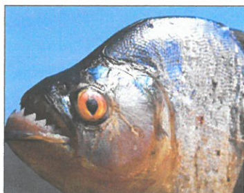
Piranha, poisson carnivore féroce !
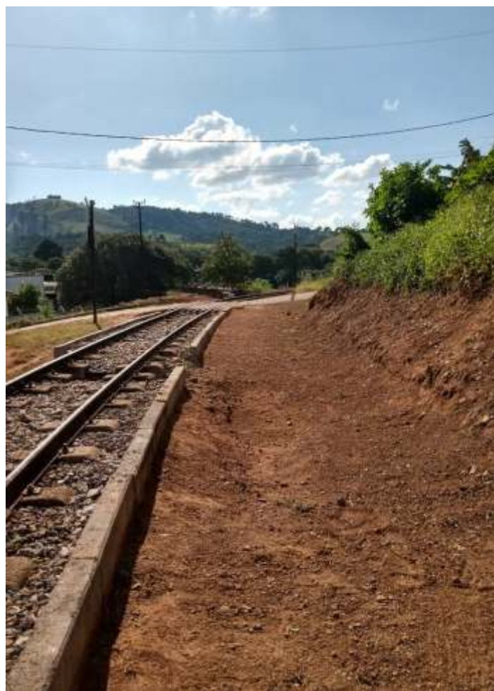
♦ Limpeza da faixa de domínio.
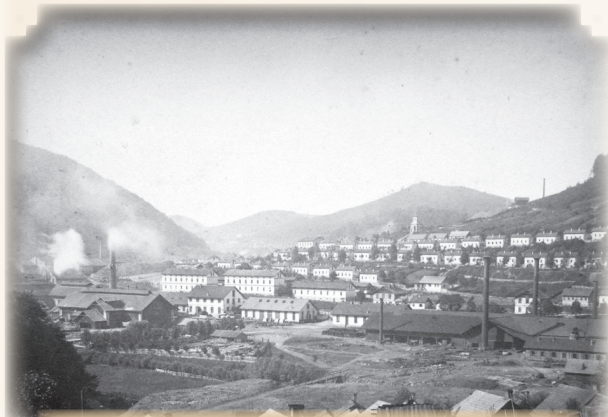
ANINA - văzută din curtea Uzinelor de Fier, 1898.

În a doua zi de Crăciun, la 26 decembrie 1897, în urma împușcării efectuate la puțul THINNFELD II., în vederea adâncirii acestuia, este accidentat mortal JOSEF HUML.
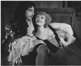
1934 NELL GWYN (Nell Gwyn) de Herbert Wilcox avec Anna Neagle
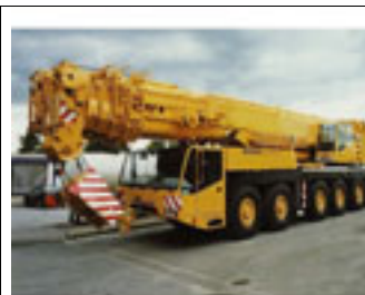
180 t, Terex Demag AC 535, 1997
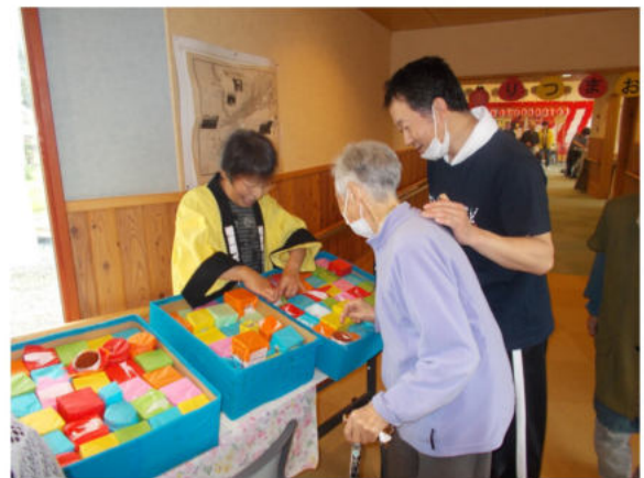
[上]お楽しみのお宝くじ。宝はどこに入っているのかな？

音楽演奏だけでなく、メンバーによるレクリエーション指導もあり、アルファベットの「B」のかたちをした大きなチューブを使う3B体操に初挑戦。みなさん楽しく取り組みました。
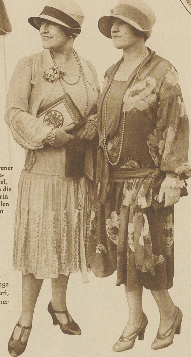
Das elegante, großblumige Chiffon-Kleid

gemacht! Es wird nötig sein, daß die Mode für solche Wetterabnormitäten neue, originelle Einfälle bereit hält. Denn wir wollen und sollen auch unter drückendster Wolkenlast chic und geschmackvoll sein, was sich mit Zweckmäßigkeit sehr wohl vereinen läßt. Die heliotrop- und lavendellarbigen imprägnierten Regenmäntel sind ein willkommener Schritt vorwärts in dieser Richtung. Vielleicht gelingt es ihnen, dem Himmel ein Lächeln abzurufen über diesen kindlichen Versuch, des Sommers Farben bei Sturm und Regen spazieren zu führen.
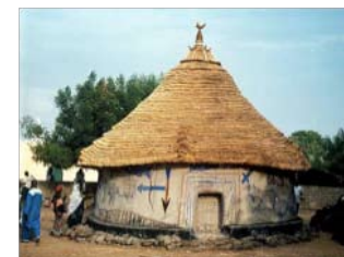
La case sacrée de Kangaba

! ATTENTION, CERTAINES EXPRESSIONS CULTURELLES ET CERTAINS LIEUX COMMUNAUTAIRES EXIGENT UNE CONDUITE QUI N'EST PAS LA MÊME QUE CHEZ VOUS.
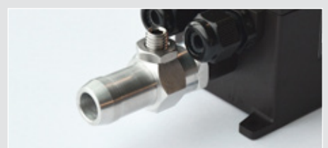
Přípojka na tlakový vzduch s redukčním ventilem
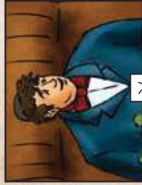
סיים מן השעמים...
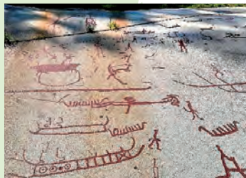
Gravures rupestres de Tanum
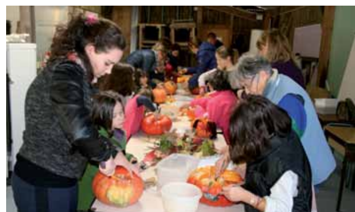
26 octobre. Atelier décoration de citrouille à l'Écomusée durant les vacances de La Toussaint.
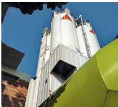
PRODUKTION AUF REGENWASSER-BASIS, SIKA KOLUMBIEN FABRIK BARRANQUILLA, KOLUMBIEN

In Barranquilla würde die Wasserversorgung für die Produktionsprozesse nicht ausreichen. Deshalb wird Regenwasser gesammelt, gefiltert und für die Verwendung in den industriellen Prozessen aufbereitet. Rund 31.000 Liter Regenwasser werden gesammelt – das entspricht 11% des Gesamtwasserverbrauchs. Außerhalb von El Niño-Jahren würde sich diese Menge verdreifachen. Darüber hinaus ermöglicht ein hochmoderner Wasseraufbereitungsprozess, das aufbereitete Wasser in das kommunale Abwassersystem zu leiten.
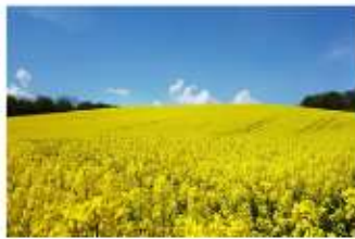
ทุ่งดอกเบญจมาศ

Exercise goal | Write out again, word for word, the lines from the one holding "faixa de domínio." through the final line of the listing, including both ends but no pictures.

Response |
♦ Limpeza da faixa de domínio.
ANINA - văzută din curtea Uzinelor de Fier, 1898.

În a doua zi de Crăciun, la 26 decembrie 1897, în urma împușcării efectuate la puțul THINNFELD II., în vederea adâncirii acestuia, este accidentat mortal JOSEF HUML.
1934 NELL GWYN (Nell Gwyn) de Herbert Wilcox avec Anna Neagle
180 t, Terex Demag AC 535, 1997
[上]お楽しみのお宝くじ。宝はどこに入っているのかな？

音楽演奏だけでなく、メンバーによるレクリエーション指導もあり、アルファベットの「B」のかたちをした大きなチューブを使う3B体操に初挑戦。みなさん楽しく取り組みました。
Das elegante, großblumige Chiffon-Kleid

gemacht! Es wird nötig sein, daß die Mode für solche Wetterabnormitäten neue, originelle Einfälle bereit hält. Denn wir wollen und sollen auch unter drückendster Wolkenlast chic und geschmackvoll sein, was sich mit Zweckmäßigkeit sehr wohl vereinen läßt. Die heliotrop- und lavendellarbigen imprägnierten Regenmäntel sind ein willkommener Schritt vorwärts in dieser Richtung. Vielleicht gelingt es ihnen, dem Himmel ein Lächeln abzurufen über diesen kindlichen Versuch, des Sommers Farben bei Sturm und Regen spazieren zu führen.
La case sacrée de Kangaba

! ATTENTION, CERTAINES EXPRESSIONS CULTURELLES ET CERTAINS LIEUX COMMUNAUTAIRES EXIGENT UNE CONDUITE QUI N'EST PAS LA MÊME QUE CHEZ VOUS.
Přípojka na tlakový vzduch s redukčním ventilem
סיים מן השעמים...
Gravures rupestres de Tanum
26 octobre. Atelier décoration de citrouille à l'Écomusée durant les vacances de La Toussaint.
PRODUKTION AUF REGENWASSER-BASIS, SIKA KOLUMBIEN FABRIK BARRANQUILLA, KOLUMBIEN

In Barranquilla würde die Wasserversorgung für die Produktionsprozesse nicht ausreichen. Deshalb wird Regenwasser gesammelt, gefiltert und für die Verwendung in den industriellen Prozessen aufbereitet. Rund 31.000 Liter Regenwasser werden gesammelt – das entspricht 11% des Gesamtwasserverbrauchs. Außerhalb von El Niño-Jahren würde sich diese Menge verdreifachen. Darüber hinaus ermöglicht ein hochmoderner Wasseraufbereitungsprozess, das aufbereitete Wasser in das kommunale Abwassersystem zu leiten.
ทุ่งดอกเบญจมาศ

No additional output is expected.